The index function searches for a substring which may be one or more characters long.  For example to take a filename and replace the old extension (assumed to follow the last dot in the name) with a new one, you might think of doing something like this:
    character(len=:), allocatable :: filename
    integer :: dotpos
    !
    filename = "mydata.in"

    dotpos = index(filename, ".", .true.)
    filename(dotpos:) = ".output"
But there are two things wrong with this.  Firstly if there happens to not to be any dot in the filename then the value of dotpos will be zero so that the last assignment will have an invalid substring reference likely to result in an error exit. If you were to replace it with this:
    filename(dotpos+1:) = "output"
it will not do what is required either, since the filename variable has allocatable length, and the substring reference on the left-hand side means that the result will have the same length as before, so only the first two characters will be replaced.  This might work if filename had been declared to have a suitable fixed length, but still does not seem good practice.  A slightly more robust solution would be this:
    filename = filename(1:dotpos) // 'output"
In this case if there happes to be no dot so dotpos is zero, there will not be an invalid substring but one of zero length, so the new value of filename will just be "output".  In more robust code one would obviously check for the presence of a dot before applying a new extension.

The scan function searches for the first instance of any of the characters given in the second argument. For example if given a file path which may include directory separators, which are backslashes on Windows but forward slashes on Linux and MacOS, one could find the position of the end of the path in a portable way with:
    pathend = scan(filepath, "/\", .true.)

The verify function is the inverse of scan in that it seaches for the first instance of a character which not in the set specified.  For example if reading an input string which is supposed to be a whole number so it only contains digits or a sign, one could check that with a verify which returns 0 only if all characters are valid:
    if(verify(string, "0123456789+-") /= 0) then
        print *, "Invalid integer",  string

String Comparisons

These may be needed if you are searching a set of strings or sorting them.  The simplest way do to this is to use the appropriate relational operator just as when comparing numbers.  This works equally well for fixed length or allocatable strings.  For example:
        if( string1 >= string2 ) then
The rules are:
In the past computers used many different character codes (I have encountered at least six), so Fortran has for many years provided a way of comparing strings according to the ASCII collating sequence even if that is not the native one by using instead of the relational operator one of four intrinsic functions.  These are named LLT (less that), LLE (less than or equals), LGT (greater than), LGE (greater than or equals).  Each function takes two string arguments and returns a logical result.  Now that ASCII is almost universal these are rarely needed.

Case Conversions

Fortran does not have any intrinsics procedures to change a the letters in a string from upper to lower-case or vice-versa.  This is slightly odd.as they exist in most other progamming languages.

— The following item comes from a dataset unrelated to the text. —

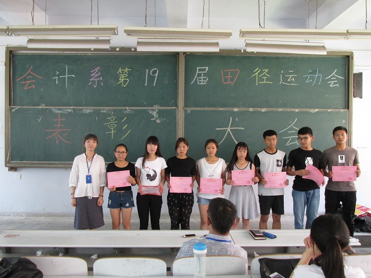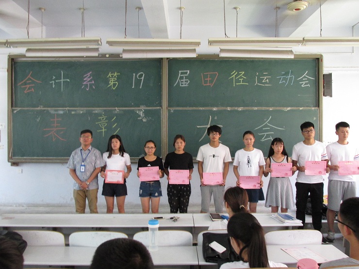 为了表彰田径队在运动会中取得的优异成绩,积累本次田径队运动会的经验。6月16日中午12:20在教学1号楼111教室举办了会计系第十九届田径运动会表彰大会。出席本次会议的嘉宾有会计系行政秘书兼团委书记陈刚老师、行政秘书刘锦老师、田径队训练负责人杨煜老师及员工会主席汤嘉伟。大会现场掌声不断,大家都为运动员们感到骄傲。

My guess is that in the good old days Fortran systems only used upper-case, while more recently it was probably thought that a good case-conversion intrinsic ought to cope with other alphabets as well, such as Greek and Cyrillic, so perhaps the whole issue was put off as being just too difficult.  Anyhow, for the special case of the Roman alphabet and US-ASCII, it is not too hard to write one's own funtion to do this.  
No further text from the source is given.